Consider $\big\{\frac{3n}{n+4}$: $n \in \mathbb{N}\big\}$. We have to use $\varepsilon$. For $\inf(A)= \frac{3}{5}$
$$\frac{3n}{n+4} > \frac{3n}{n+4n}=\frac{3n}{5n}=\frac{3}{5}.$$
For $\sup(A)$ we have to show $n-\varepsilon$. We know $$\frac{3n}{n+4}= 3-\frac{12}{n+4}.$$ We assume $\varepsilon < \frac{12}{n+4}$.
I dont know how to finish this proof. Thank you
On
It looks like your convention is $\mathbb{N} = \{1,2,3,\dots\}$. Well, with your first steps you are proving that $\frac{3}{5}$ is a lower bound, not exactly the infimum. In order to prove the latter, you can observe that $$\frac{3}{5} = \frac{3\cdot1}{1+4}$$ so it corresponds to $n=1$. This shows $\frac{3}{5}$ is the minimum of your set, not only the infimum.
If you want to prove that $3$ is an upper bound, then your observation looks ok.
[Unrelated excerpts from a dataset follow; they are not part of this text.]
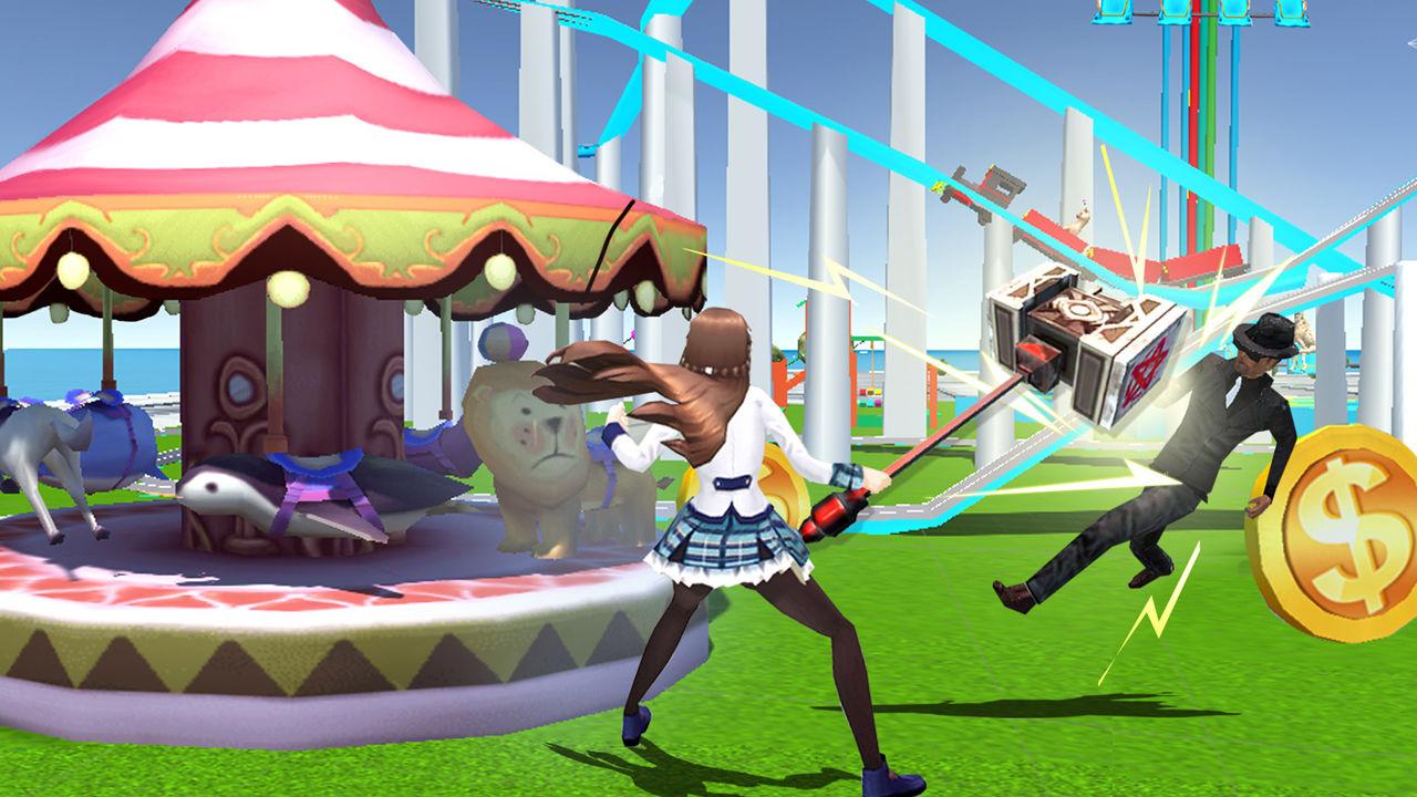 -樱花游戏里拥有大型游乐场,无聊之余可以带着同学去做做过山车哦~
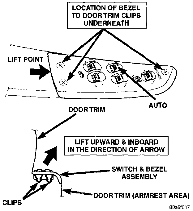 1. Start at the rear center of the bezel. Using your fingers or a trim stick, lift the bezel upwards and slightly inboard to disconnect the two rear clips. Use care not to mar the door trim.
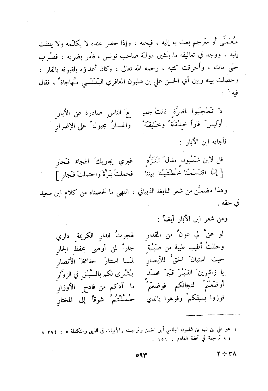 (1) هو علي بن لب بن شلبون البلنسي أبو الحسن وترجمته والأبيات في الذيل والتكملة 5: 274، وله ترجمة في تحفة القادم: 151.
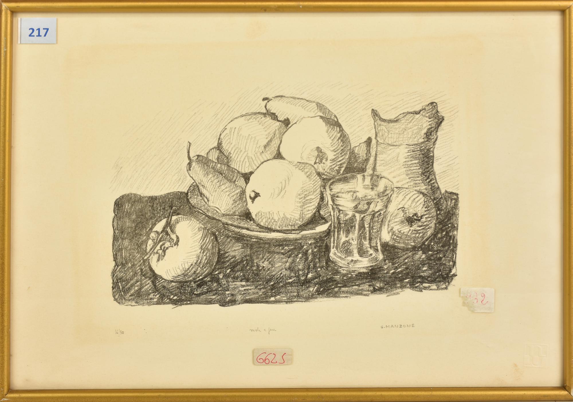 Giuseppe Manzone MELE E PERE litografia su carta Fabriano, cm 35x50; es....
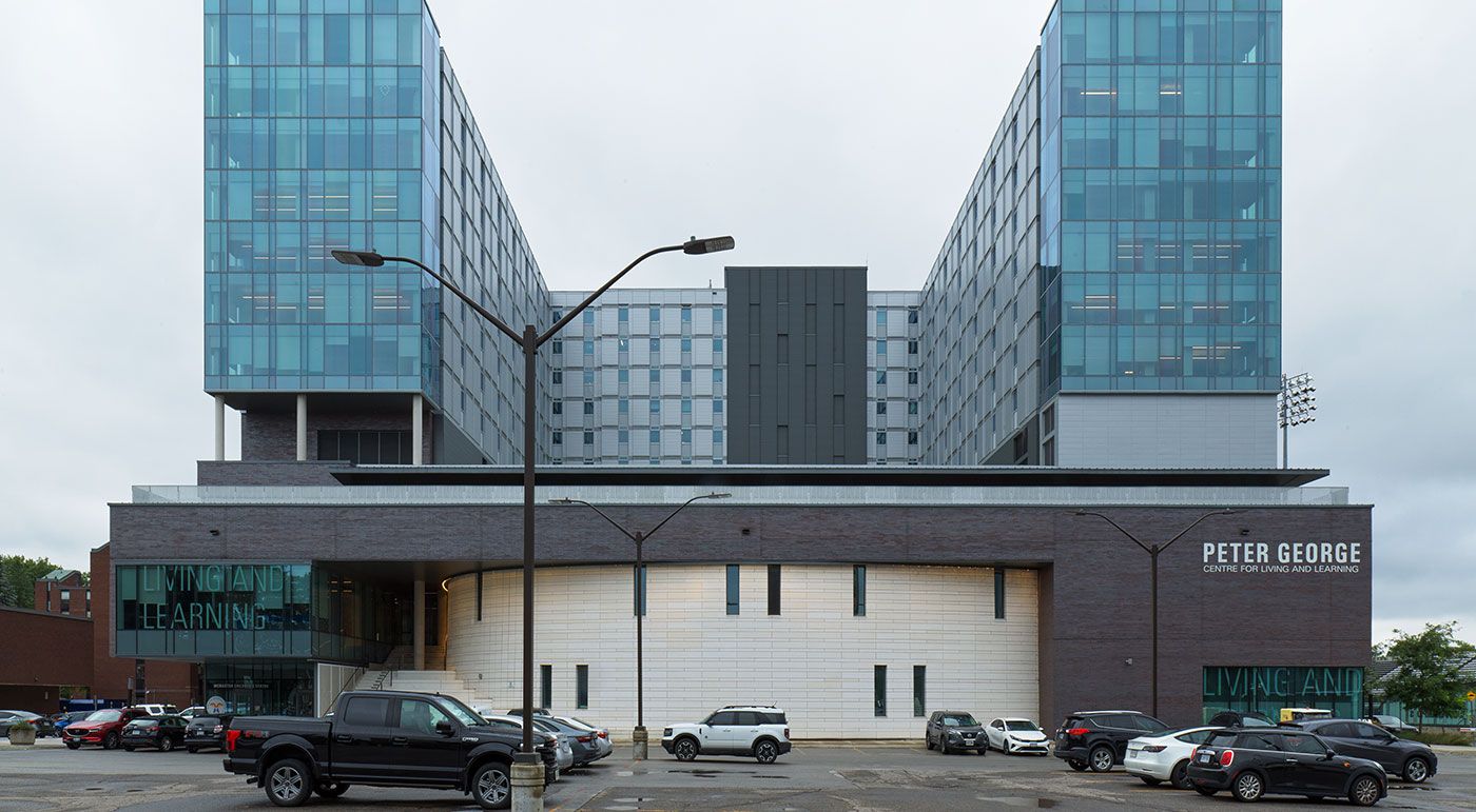 McMaster University expanded its campus with the addition of the Peter George Center for Living and Learning in Hamilton, Canada. The new complex brings together all the essential components a campus community needs: a student residence, dynamic learning spaces, a wellness center, dining facilities, and childcare spaces. The building’s design plays with contrasting forms. On one side, the atrium stands out for its linearity, while on the other, the stacked, circular lecture halls at the center create striking accents. The architects at Diamond & Schmitt used öko skin slats as small-scale elements, arranged in a mosaic-like pattern. The small formats allow the elements to fit seamlessly along the curved lines. Photos: Ditz Fejer
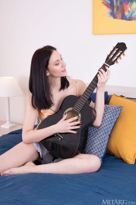 Petite teen Shirley Mae bares it all while playing a guitar on a bed
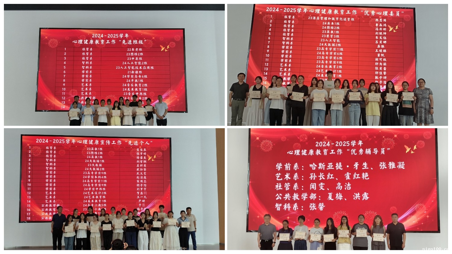 接下来各系部二级心理健康工作站的老师相继介绍了本年度所在系部的主要心理健康工作情况。 各二级心理健康工作站紧密围绕专业特点与学生心理需求,策划并实施了形式丰富、内容精准的心理健康教育活动。如:学前教育系打造了富有特色的“团体心理活动”,公共教学部推出了“阳光户外拓展”,艺术系的“读书沙龙”,社管系开展了“幸福打卡计划”,智科系则创新性地推出“快乐编码”。在积极探索创新模式的实践中,成功凝练出一批彰显系部特色的品牌项目。颁奖大会上与会领导为优秀辅导员、优秀班级、优秀心理委员和优秀工作者等颁奖。
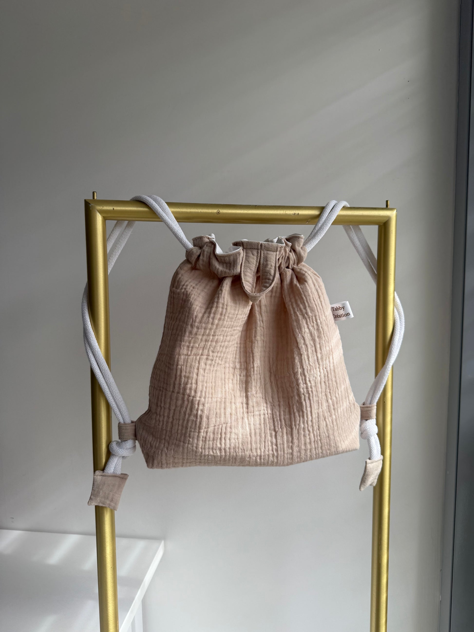 Un petit sac à dos facile à fermer avec ces cordons pour ranger les petites affaires du bébé pour crèche ou maternelle.
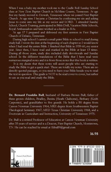 When I was a baby my mother took me to the Cradle Roll Sunday School class at New Zion Baptist Church in McMinn County, Tennessee. At age five my family moved to Etowah, Tennessee where we joined First Baptist Church. At age nine I became a Christian by confessing my sin and asking Jesus to come into my life as my savior and LORD. I attended Sunday School, Church Training, participated in Bible Drill, Vacation Bible Schools, Royal Ambassadors and later worked as a leader in RAs. At age 17 I prepared and delivered my first sermon in First Baptist Church of Delano, Tennessee. During high school I carried a small print Bible to school to read during study hall. I wrote the date at the beginning of each chapter so I would know when I had read the entire Bible. I finished that Bible in 1959-60, my senior year. Since then, I have read and marked in the Bible at least 13 times. During all those years, study also included daily devotionals and Sunday school. In the different translations of the Bible that I have read were numerous marginal notes and it is from those notes that this book is written. It is my desire that these notes will assist people who are starting to study the Bible to get a quick start. These are totally my notes. There are no directly quoted passages, so you need to have your Bible beside you to read the text in question. This guide is NOT to be read cover to cover, but rather to use as you read and study the Bible. _____________ Dr. Bernard Franklin Bull, husband of Barbara Brown Bull; father of three grown children, Bradley, Benita (Heath Claiborne), Bethany (Keith Carpenter), and grandfather to five grands. He holds a BS degree from Carson Newman University 1964; MRE degree from Southwestern Baptist Theological Seminary 1967; MED Texas Christian University 1968, and a Doctorate in Curriculum and Instruction, University of Tennessee 1975. Dr. Bull is a retired Professor of Education at Carson Newman University after 35 years of service and is a Deacon, First Baptist Church, Morristown, TN. He can be reached by email at 1bbull9@gmail.com

To prove that it is the supremum, you should show now that for any fixed $\varepsilon > 0$ you can find $n \in \mathbb{N}$ such that $$3-\varepsilon < \frac{3n}{n+4}. $$ This gives $n > \frac{12-4\varepsilon}{\varepsilon}$ and you can conclude that $3$ is the supremum.
I don't really understand what you are doing so here is my solution:
By definition the $\sup$ is the LEAST upper bound and similarly, the $\inf$ is the LARGEST lower bound for the set.
In your case, the set is a monotonic sequence - it is easily seen that $\frac{3n}{n+4}\leq \frac{3(n+1)}{n+5}$ for $n\in \mathbb{N}$
Hence, the infimum is $\frac{3}{5}$ since it is not-bigger than any of the numbers and it is in the set itself so the $\inf$ can't be bigger than it
As for the supremum - since the sequence tends to $3$ (try to show it using $\epsilon-\delta$ argument or as in your work, say that $\frac{12}{n+4}$ converges to $0$ and use algebra of limits) and is monotonic increasing, a reasonable guess should be that $3$ indeed is the supremum. This is actually the case and you can show it using the convergence of the sequence and the fact, the supremum is the least upper bound.